Sexual problems in married life are best solved by couples talking and understanding each other, and there are common problems common among Iranian couples. The good news is that if sexual problems are limited to organic problems, they are easier to diagnose and treat.
The best: A sexual behaviorist said about sexual problems between couples: we should pay attention to the fact that sex is a two-way street and the culprit should not be sought. Blaming and looking for the culprit complicates these problems between couples. Dr. Effat Sadat Merghati Khoii, pointing out that it is possible for a couple to face sexual problems
“Refer to a specialist in the field of sex has increased in their lives today,” he said. , Determines beliefs and prejudices about sexual issues. Some people believe that they should not seek help for their sexual problems
Because sex is considered a very private matter, others believe that the sexual problem is solved spontaneously and leave it to sexual nature and the passage of time, some believe that it should be made and no one can solve their problem. I must say that all these beliefs are somehow false!
The sexual behaviorist said: “Of course, sometimes employees and health care providers avoid raising issues and helping people with sexual problems because they are not comfortable with sexual issues; And are deeply troubled by the subject matter; Or they do not have enough knowledge and skills in this field.
Statistically, studies have shown that the prevalence of sexual problems during the life of women is 68% and in the life of men is 54%. Therefore, according to these statistics, Iranian couples cannot be considered an exception and without sexual problems during their lives! It is natural that with increasing age and marital life, and life events of each couple increases the number, severity and severity of sexual problems.
Dr. Merghati Khoii further stated: We should not forget that the foundation of marriage and interpersonal relationships in that marriage is determined by emotions, love, affection, companionship and empathy, not just genital sex! So whenever couples notice the decline or reduction of one of those principles and factors, they will most likely have to wait for sexual problems of any kind.
Because pleasant sex and as a factor and guarantor of good and enjoyable relationships between couples, is the only product and consequence of a sincere, close, emotional and romantic relationship between husband and wife. In this case, even if one of the couples finds an organic sexual problem in a way that did not function properly, the body of the marriage and its strength will not be damaged much.

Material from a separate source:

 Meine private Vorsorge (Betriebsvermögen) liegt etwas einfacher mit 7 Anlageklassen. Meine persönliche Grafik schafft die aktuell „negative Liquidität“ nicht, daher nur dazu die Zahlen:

“Sexual problems and couples are not necessarily similar to each other,” he said, emphasizing that sexual problems and disorders are similar to humans and come in many shapes, sizes and types. Experiencing a sexual problem does not mean that the person has a problem, but it is something that can happen at any stage of a person’s life for a reason and sometimes even without a reason.

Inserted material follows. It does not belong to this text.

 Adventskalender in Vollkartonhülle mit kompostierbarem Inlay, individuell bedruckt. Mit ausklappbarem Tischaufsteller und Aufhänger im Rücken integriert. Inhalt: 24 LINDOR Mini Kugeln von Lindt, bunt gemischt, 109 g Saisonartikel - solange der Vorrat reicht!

Because people have learned that a problem in the sexual organs causes sexual disorders, until the sexual organs do not find a problem, people do not recognize other problems and naturally do not seek help from the competent authorities. The good news is that if sexual problems are limited to organic problems
Both diagnosis and treatment are easier. For example, erectile problems in men are easily diagnosed, and because the causative factors are known, the therapist hopes to be able to help the patient. Therefore, couples are strongly advised to: With the occurrence of any communication problem, be sure to seek help from competent authorities and experts in the field of sex and marriage.
And assess the possibility of adverse effects of their bad sex on the current problem. Couples do not have to wait for a sexual problem to get worse. Like other aspects of their lives that they strive to improve and improve, they should seek help from expert counselors in their sexual life. Do not forget that prevention is better than cure!
“If you have any concerns about sexual responses and performance, be sure to see a sex therapist right away;” Because neglecting sexual function problems not only makes it difficult to treat in the long run, but also its negative impact on one’s self-esteem and interpersonal relationships with one’s spouse complicates matters.
I insist that couples, despite having a functional sexual problem, do not consider it a fault of the person and do not blame the person for the occurrence of this problem and do not blame him for the functional disorder, because sexual dysfunction, like other diseases, occurs for biological reasons. The person does not interfere.
In his last piece of advice to couples, he said: “The serious issue is that couples turn to specialists as soon as they become dissatisfied and disrupt the general relationship between them; Because the relationship between the couple and sexual relations form a circle and cycle that the shapes in each part of this circle can make marital life difficult and challenging.
To see a counselor or therapist, couples should talk to each other about the problem, look at the lenses and glasses separately without blaming the other, and try to come to a common conclusion about the causes and roots, and then Come together to solve that problem. Do not forget that every sexual problem in marriage has two ends! Therefore, sexual problems must be solved by both people.